(Excerpts from a dataset)
# # # # # # #
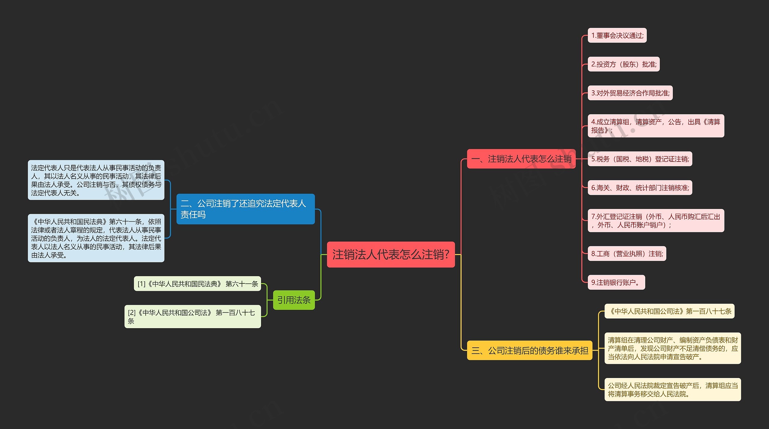 树图思维导图提供《注销法人代表怎么注销?》在线思维导图免费制作,点击“编辑”按钮,可对《注销法人代表怎么注销?》进行在线思维导图编辑,本思维导图属于思维导图模板主题,文件编号是:d77552afd762f7ba0cd5a8a797979943
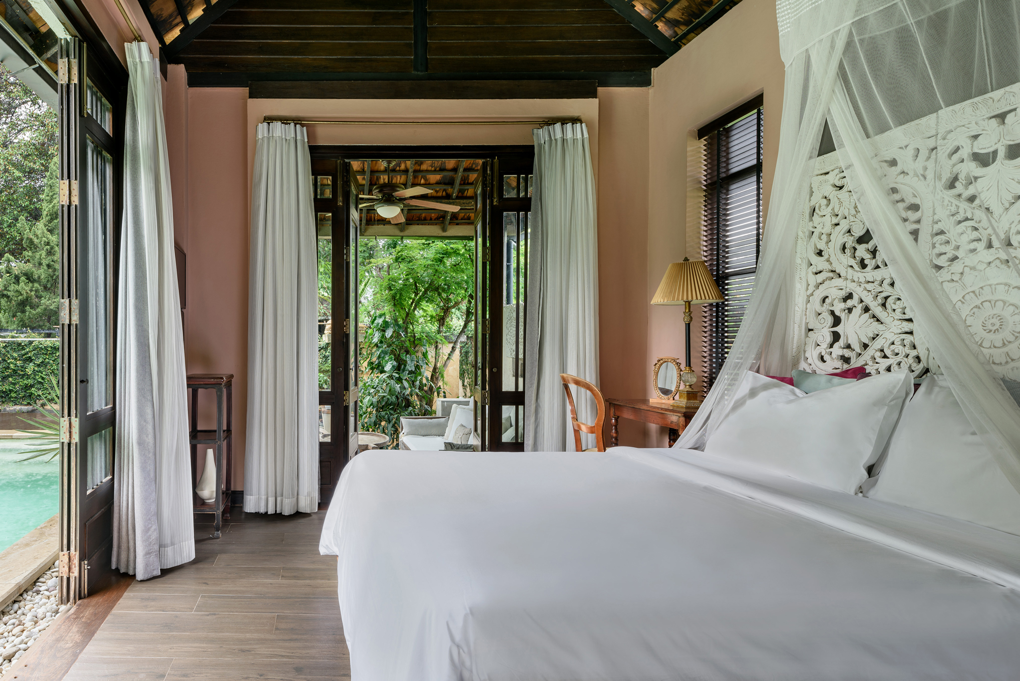 Lighting around the plants creates a unique effect on the walls and ceiling, while the dark colored wall behind the bed defines the transition from bedroom to nursery.
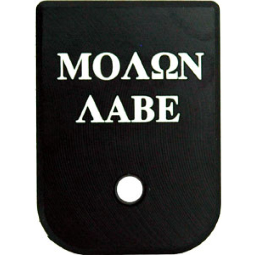 Upgrade your Glock magazine with this durable base plate featuring the Molon Labe engraving. Compatible with most Glock models.
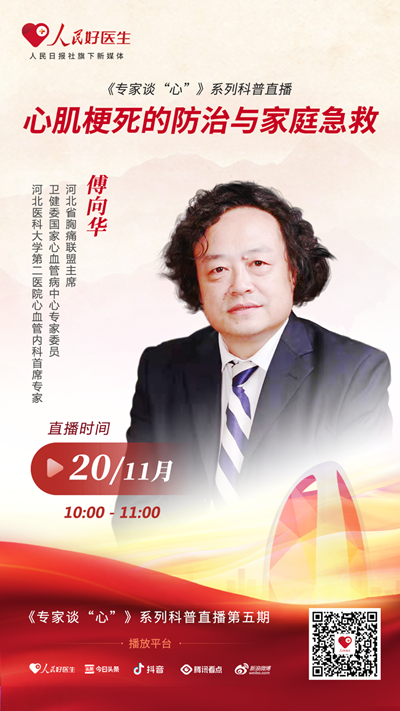11月20日10:00-11:00,“人民好醫(yī)生”客戶端將邀請河北省胸痛聯(lián)盟主席、河北醫(yī)科大學第二醫(yī)院心血管內科首席專家傅向華進行視頻直播,為您科普心肌梗死的防治與家庭急救的相關知識,千萬不要錯過。
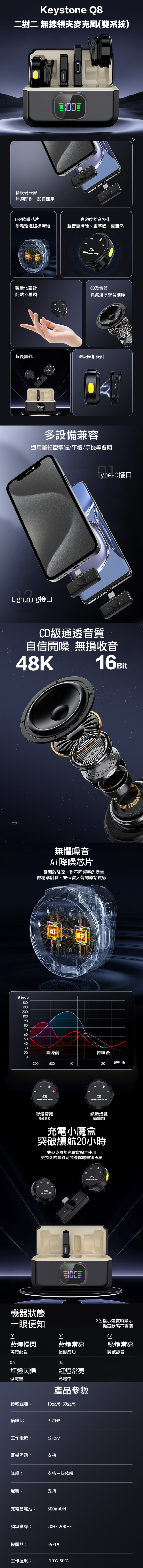適用於Type-C Android設備,一對二無線收音,可同時錄音、錄製單聲道/立體聲,免去繁瑣後期處理,傳輸距離可達150m,抽屜式無線充電盒,觸點快速充電,內置鋰電池可續航5小時,也支持邊錄製邊充電。高保真聲音、即時耳機監聽、9種變聲特效及智慧降噪晶片,豐富錄影內容,大幅降低背景雜音,維持直播高品質,表面類膚材質耐磨不沾指紋。
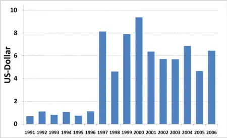 According to the Nicaraguan Unidad Pública de Inversiones or Public Investment Unit, investments in water and sanitation from 1991-2006 were US$351 million or on average USD 22 million per year. This corresponds to 0.49% of GDP or US$4.5/capita/year. Within that period investment levels increased substantially in 1997. After ranging between US$0.7 and US$1.1 per capita from 1991 to 1996, it went up to US$4.7 to US$9.4 from 1997 to 2006.[27] All in all, the average investment level per capita and year from 1997 to 2003 is higher than in its neighboring countries Costa Rica and Honduras, but lower than in South American countries like Argentina, Peru and Colombia.[28]
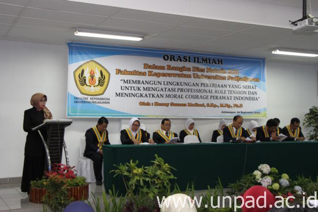 Hal tersebut ia sampaikan saat Orasi Ilmiah pada acara Dies Natalis ke-21 Fakultas Keperawatan Unpad, di kampus Fakultas Keperawatan Unpad Jatinangor, Selasa (29/09). Orasi Ilmiah yang ia bacakan berjudul “Membangun Lingkungan Pekerjaan yang Sehat untuk Mengatasi Professional Role Tension dan Meningkatkan Moral Courage Perawat Indonesia”.
# # # # # # #
In the records above, find the line with "Lighting around the" and the line with "Upgrade your Glock". Write out exactly those lines and every one between, with no pictures and no other lines.

 Lighting around the plants creates a unique effect on the walls and ceiling, while the dark colored wall behind the bed defines the transition from bedroom to nursery.
 Upgrade your Glock magazine with this durable base plate featuring the Molon Labe engraving. Compatible with most Glock models.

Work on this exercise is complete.